And newspapers such as The Los Angeles Times
get their hands on seven years of test scores for
students in the L.A. schools and then publish a
series of exposés about teachers, based on a valueadded
analysis of test data, which was performed
under contract [Felch 2010]. The article explains
its methodology:

The Times used a statistical approach
known as value-added analysis, which
rates teachers based on their students'
progress on standardized tests from
year to year. Each student's performance
is compared with his or her own
in past years, which largely controls for
outside influences often blamed for
academic failure: poverty, prior learning
and other factors.

Though controversial among teachers
and others, the method has been
increasingly embraced by education
leaders and policymakers across the
country, including the Obama administration.

It goes on to draw many conclusions, including:

Many of the factors commonly assumed
to be important to teachers' effectiveness
were not. Although teachers are
paid more for experience, education
and training, none of this had much
bearing on whether they improved their
students' performance.

The writer adds the now-common dismissal of
any concerns:

No one suggests using value-added
analysis as the sole measure of a
teacher. Many experts recommend that
it count for half or less of a teacher's
overall evaluation.

Nevertheless, value-added analysis offers
the closest thing available to an
objective assessment of teachers. And
it might help in resolving the greater
mystery of what makes for effective
teaching, and whether such skills can
be taught.

The article goes on to do exactly what it says "no
one suggests"--it measures teachers solely on the
basis of their value-added scores.

What Might Be Wrong with VAM?
As the popular press promoted value-added models
with ever-increasing zeal, there was a parallel,
much less visible scholarly conversation about
the limitations of value-added models.

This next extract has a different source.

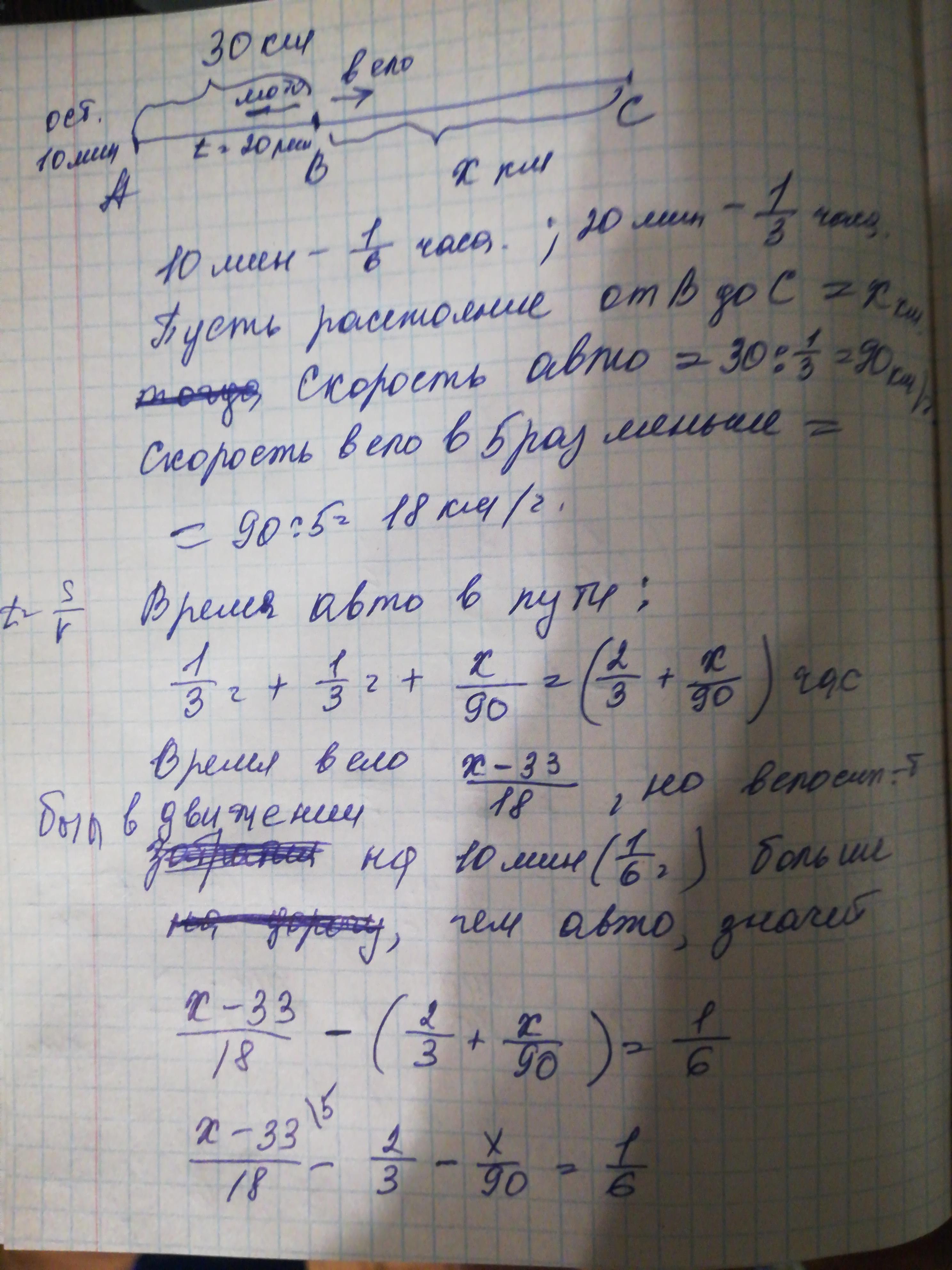 ПУНКТЫ А В С расположены подряд. Расстояние АВ=30 km. Из пункта В одновременно начали движение легковые машина и велосипедист. Легковая м. В сторону А, велосипедист в сторону С. Известно, что велосипедист в 5 раз медленнее машины. Через 20 мин легковые машина прибыла в пункт А и после 10мин отдыха , двинулись в пункт С. Она прибыла в пункт С, когда велосипедисту оставалось ещё 33 км до пункта С.

In 2003 a
book with the title Evaluating Value-Added Models
for Teacher Accountability laid out some of the
problems and concluded:

The research base is currently insufficient
to support the use of VAM for
high-stakes decisions. We have identified
numerous possible sources of
error in teacher effects and any attempt
to use VAM estimates for high-stakes
decisions must be informed by an understanding
of these potential errors
[McCaffrey 2003, xx].

In the next few years, a number of scholarly papers
and reports raising concerns were published,
including papers with such titles as "The Promise
and Peril of Using Valued-Added Modeling to
Measure Teacher Effectiveness" [RAND, 2004],
"Re-Examining the Role of Teacher Quality in the
Educational Production Function" [Koedel 2007],
and "Methodological Concerns about the Education
Value-Added Assessment System" [Amrein-
Beardsley 2008].

What were the concerns in these papers? Here
is a sample that hints at the complexity of issues.

  • In the real world of schools, data is
    frequently missing or corrupt. What if
    students are missing past test data?
    What if past data was recorded incorrectly
    (not rare in schools)? What
    if students transferred into the
    school from outside the system?


  • The modern classroom is more
    variable than people imagine. What
    if students are team-taught? How do
    you apportion credit or blame among
    various teachers? Do teachers in
    one class (say mathematics) affect
    the learning in another (say science)?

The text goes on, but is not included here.